• _Problem description_:
Return each line of the data below verbatim; pictures are to be left out.

─── Data shown ───

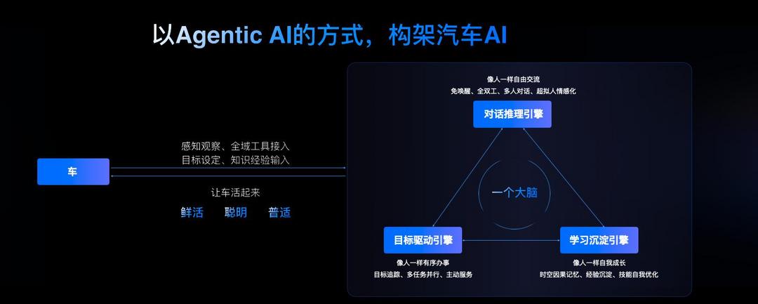 在新一代的汽车AI解决方案中,火山引擎将对话推理引擎、目标驱动引擎、学习成长引擎三大引擎融入统一的“汽车大脑”。
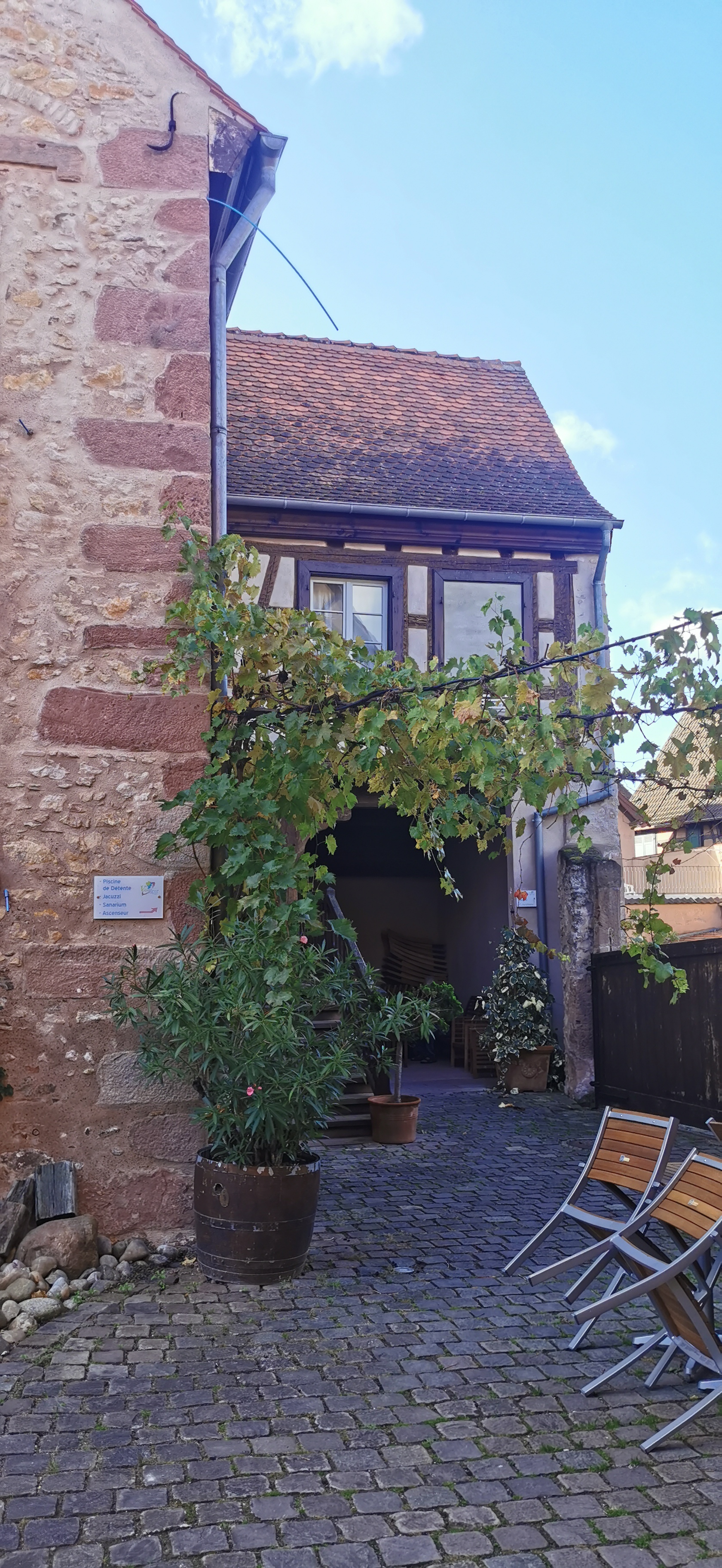 Très bien situé au milieu de Bergheim, on peut notamment se procurer de quoi déjeuner. La cuisine est très bonne.
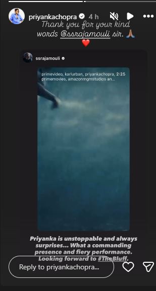 Taking to Instagram Story, Rajamouli wrote, "Priyanka is unstoppable and always surprises....what a commanding presence and fiery performance. Looking forward to 'The Bluff'."
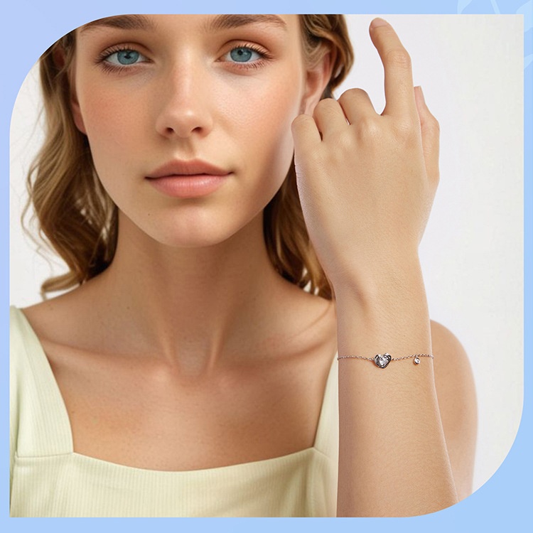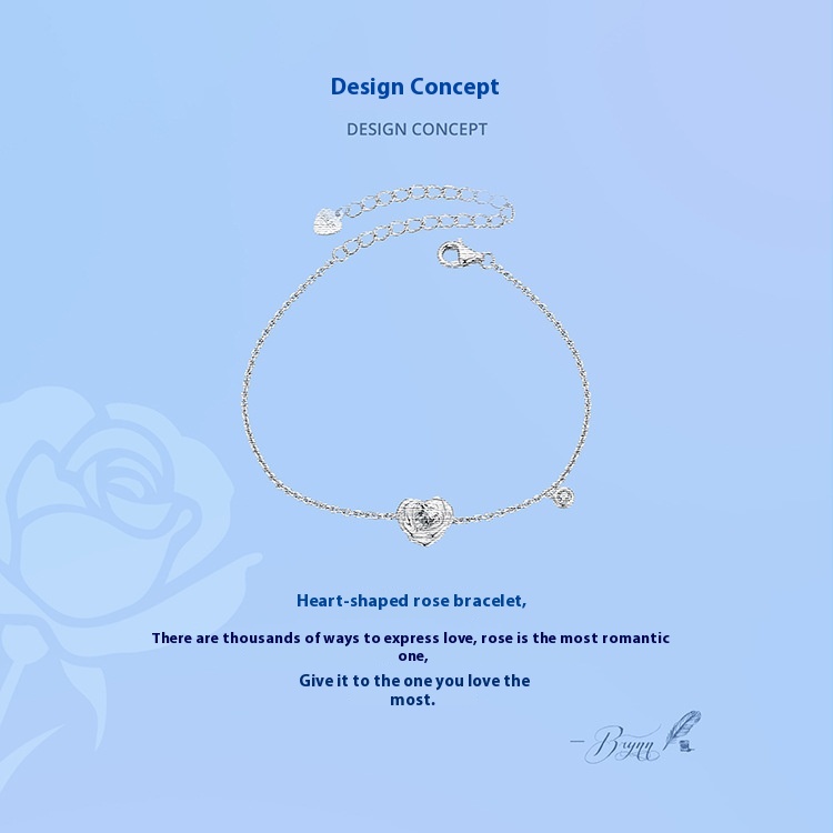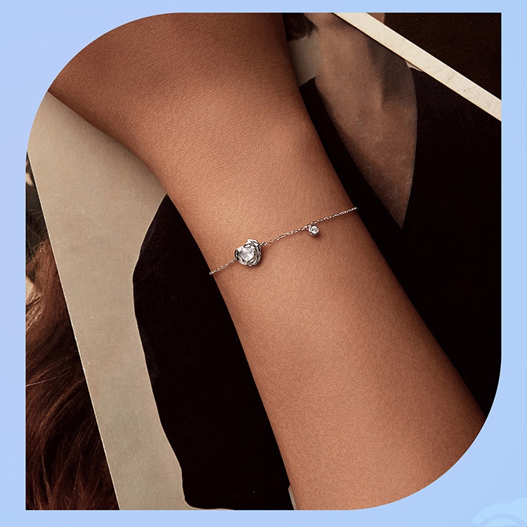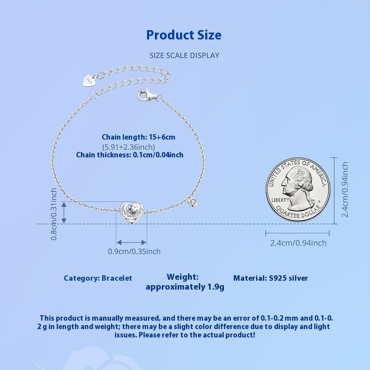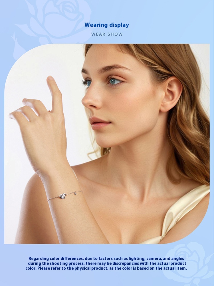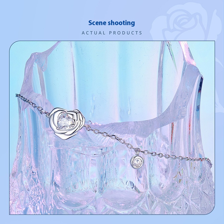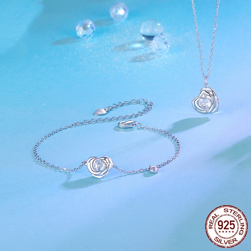 925 Sterling Silver White Gold Plated Love Rose Bracelet

───

• _Solution for this task_:
 在新一代的汽车AI解决方案中,火山引擎将对话推理引擎、目标驱动引擎、学习成长引擎三大引擎融入统一的“汽车大脑”。
 Très bien situé au milieu de Bergheim, on peut notamment se procurer de quoi déjeuner. La cuisine est très bonne.
 Taking to Instagram Story, Rajamouli wrote, "Priyanka is unstoppable and always surprises....what a commanding presence and fiery performance. Looking forward to 'The Bluff'."
 925 Sterling Silver White Gold Plated Love Rose Bracelet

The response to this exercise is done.